The Dimnie Trojan also stood out from the crowd in an unusual way of hiding requests to the management server - it masked them according to requests to the legitimate resources toolbarqueries.google.com and gmail.com and JPEG images. But the cybercriminals distributed it quite typically - using phishing emails with little social engineering:



Scheme of work


Dimnie is a sophisticated modular trojan. All its modules are divided into main and auxiliary. The main ones - Downloader, Autorunner, Core and Loader - are loaded at each infection and do not harm themselves. But the auxiliary modules - Keylogger, PCInfo, WebHistory, ProcInfo and Banker - are a “payload”, and it is with their help that information is extracted and replaced on an infected system. Each time Dimnie starts, the Loader module requests additional modules depending on what the criminal wants to do with the infected system. The general scheme of Dimnie is presented in the figure:



List of modules


Our team managed to download and explore the following Dimnie modules:



Infection


On January 29, we recorded a mailing list with these letters:
The letter was accompanied by a RAR archive with the file “Documents beginning of the year.exe” - the Windows executable file.

A typical letter to deceive accountants who are not particularly advanced in matters of cybersecurity surprised us with a rather hackneyed level of execution. It’s not in our rules to give advice to attackers, but you could at least remove “.exe” from the name of the archive ...
According to VirusTotal, the file “Documents beginning of the year.exe” was also distributed under other names:

  • Documents 22.01.exe
  • Documents by order 22.01.exe
  • Reconciliation report 25.01.exe
  • Document pack january.exe
  • Excitation of enforcement proceedings January.exe
  • Package of documents beginning of the year.exe
  • Enforcement proceedings January 22 ,.exe
  • Act 25.01.exe
  • Enforcement proceedings 22.01.exe

For disguise, criminals used the PDF document icon.
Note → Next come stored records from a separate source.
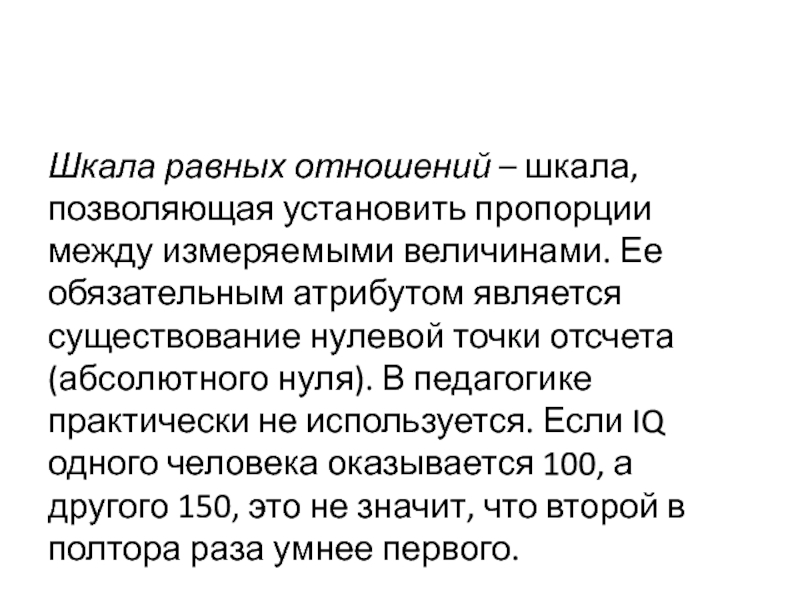 нуля). В педагогике практически не используется. Если IQ одного человека оказывается 100, а другого 150, это не значит, что второй в полтора раза умнее первого.
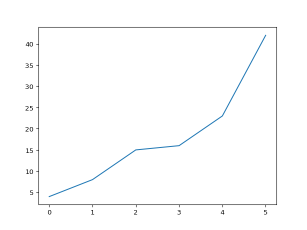 ax.plot([4, 8, 15, 16, 23, 42])
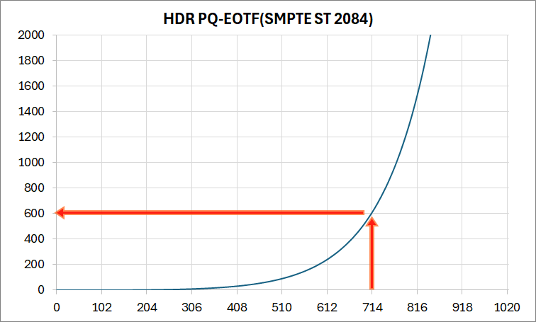 1024段階のコードバリューのうち、0~714まではPQ-EOTFに従って輝度階調を表現しますが、800など600cd/m^2を超えるコードバリューが指定されても、現実には600cd/m^2しか発揮できません。
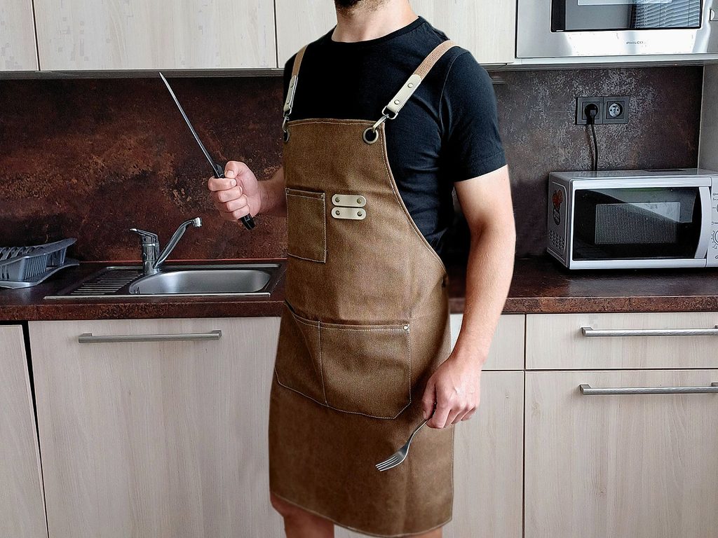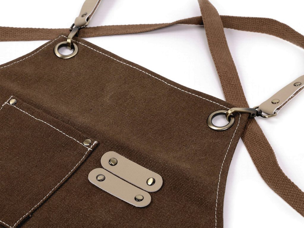 Profesionální zástěra 2v1 je vyrobená z hrubé a velmi pevné bavlny. Díky svému designu ji využijí dámy i pánové. 2v1 - můžete ji nosit za krkem i okolo pasu. Jednoduše odepnete popruh u krku a karabinky zapnete do kovových průvleků k pasu. Zástěra má praktické kapsy. Celkový vzhled a styl doplňují detaily z eko kůže.Zástěru využijí kuchaři a číšníci, ale oceníte ji i na zahradní grilování a různé hobby techniky, kde se můžete zašpinit, např. na výrobu keramiky, malbu, práci s betonem, mozaikou apod.
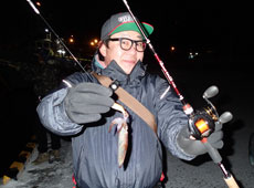 仕事終わりのエギング釣行!雪が降って、道路はツルツル(^o^;) そんな中でもイカが釣りたいメンバーで出かけてきました。
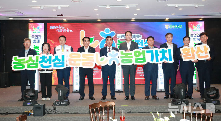 [울산=뉴시스] 배병수 기자 = 농협중앙회 울산본부가 주관한 사랑의 울산쌀 전달 및 농심천심(農心天心) 운동 비전 선포식이 22일 울산시티컨벤션 안다미로홀에서 열린 가운데 김두겸 (왼쪽 다섯번째)울산시장과 이성룡 울산시의회 의장 등 참석자들이 기념촬영을 하고 있다.(사진=울산시 제공)[email protected].
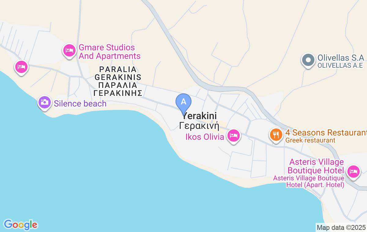Paschalia Studios privește plaja Gerakini, la intrarea în peninsula Sithonia din Halkidiki.

A user sitting under Windows with default settings is unlikely to distinguish this file from a real PDF document:
When our unsuspecting accountant opens the file, the payload starts up - in this case, the first Dimnie module, which we called Downloader. He downloads the main module and fixes it in the system.

Downloader


The first thing Downloader gets is the Core core module and the module to dock on the Autorunner system. To do this, he makes a DNS query to obtain an entry with the name "justteordingto.xyz".
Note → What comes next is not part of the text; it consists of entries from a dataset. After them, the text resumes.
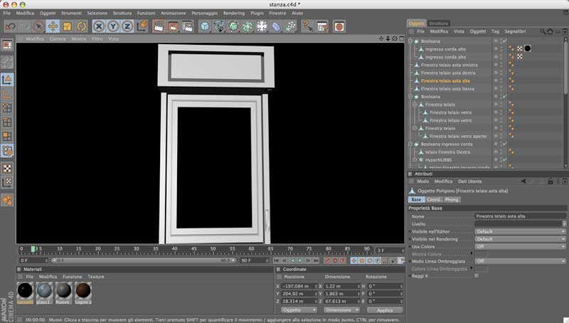 E' la prima volta che mi occupo di architettura in cinema quindi spero mi scusiate nel caso dovessi fare domande per voi troppo ovvie. Nell'immagine sotto ho realizzato i muri interni e adesso dovrei proseguire con la finestra, ma non so proprio come crearla ed inserirla in modo verosimile nella parete. Potreste delucidarmi?? Posto anche l'immagine di come dovrebbe essere la finestra.
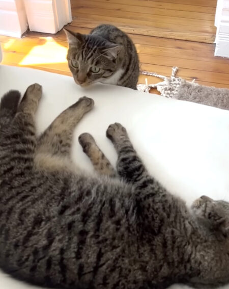 知らない匂いで保護猫さんの存在に気づいたようで、
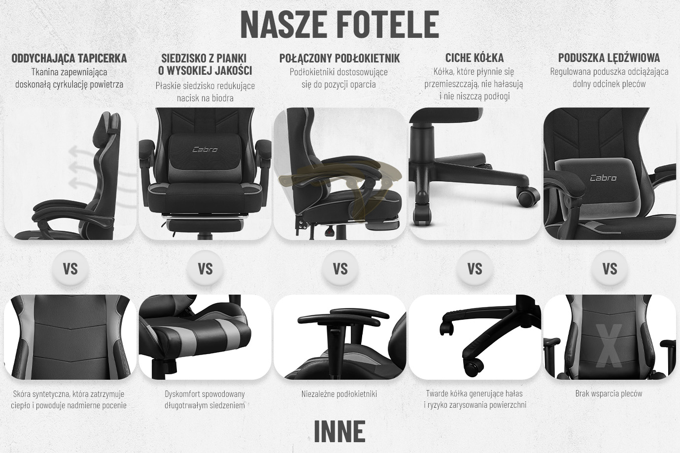 Fotele Cabro C504 zostały zaprojektowane z myślą o graczach, zapewniając idealne wsparcie przez długie godziny intensywnej gry. Dzięki innowacyjnym rozwiązaniom, solidnym materiałom i precyzyjnemu wykonaniu, gwarantujemy niezrównaną wygodę i trwałość, które sprawiają, że nasze fotele to najlepszy wybór.
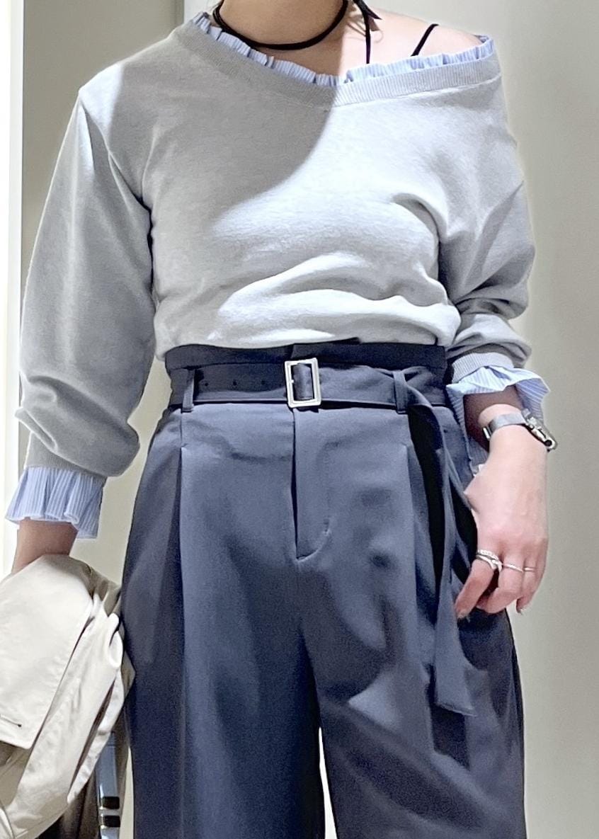 フリルドッキングがコーデを華やかにしてくれるのはもちろん、オフショルにもなるので雰囲気を変えたい時にも◎ -
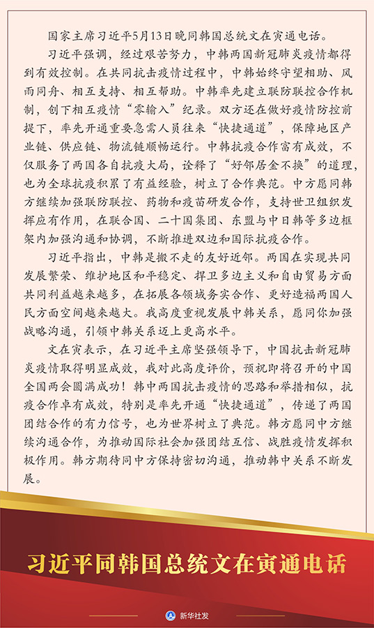 新華社北京5月13日電 國家主席習近平5月13日晚同韓國總統(tǒng)文在寅通電話。

Interestingly, here, as in the instance examined by experts from Palo Alto Networks, the trojan disguises its requests as proxy requests to the resources toolbarqueries.google.com and gmail.com and as JPEG images:
After that, the received module is executed in a separate thread .



For the Autorunner module, the EntryPoint address is determined and the call parameters are formed: the memory address where the module is placed, the key for encrypting the data transmitted over the network, and the module identifier. Next, the Downloader module creates an Autorunner stream, waits for it to complete, and then self-deletes.

Autorunner


The Autorunner module contains the IP address 185.82.217.155, from which the Core module is loaded.
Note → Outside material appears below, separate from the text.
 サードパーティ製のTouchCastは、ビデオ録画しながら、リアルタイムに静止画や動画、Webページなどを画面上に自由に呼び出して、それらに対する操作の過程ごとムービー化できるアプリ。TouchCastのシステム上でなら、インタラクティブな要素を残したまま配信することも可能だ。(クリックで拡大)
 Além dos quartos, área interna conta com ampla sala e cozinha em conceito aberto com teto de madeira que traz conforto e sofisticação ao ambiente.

Depending on your rights, Autorunner uses one of three methods of binding:



Core


As a result of the work of the Core module, a DNS query is made to obtain the domain name record “worldmed.bit”, which refers to the distributed blockchain infrastructure of Namecoin . The domain name is requested from the following DNS servers:

  • 54.236.38.98;
  • 172.93.216.250;
  • 96.47.228.108;
  • 66.70.211.246;
  • 52.174.55.168;
  • 88.175.188.50;
  • 161.97.219.84;
  • 104.168.144.17;
  • 163.172.168.171;
  • 207.192.71.13;
  • 178.63.116.152;
  • 188.226.146.136;
  • 45.55.97.204;
  • 192.99.85.244;
  • 163.53.248.170;
  • 51.254.25.115;
  • 172.104.136.243.





The “.bit” domain zone exists outside the general Internet domain name system and is not regulated by ICANN. This is not the first use of Namecoin DNS servers by malware developers - the RTM banking Trojan also used the “.bit” zone to resolve management server addresses. However, Dimnie was different from everyone here - it uses the “.bit” addresses only in the operation of the Core module, the rest of the modules we found contain the address of the management server in the form of an IP address wired into the module. Each time you start, Core loads the Loader module.

Loader


The Loader module downloads and runs all Dimnie function modules. The address from which Loader loads the modules of this trojan coincides with the address in the Autorunner module - 185.82.217.156.



At the same time, Loader uses its own implementation of the HTTP protocol. GET and POST requests are generated separately, and low-level winsock functions are used to send and receive responses.



According to our assessment, such a network interaction is not quite suitable for use in corporate networks: if you have your own proxy server, these functions simply will not work.

The communication protocol in this implementation does not differ from that described in the report of colleagues from Palo Alto Networks. The same domains are used to create GET and POST requests ( toolbarqueries.google.com and gmail.com ), and the modules and their reports are also disguised as JPEG images.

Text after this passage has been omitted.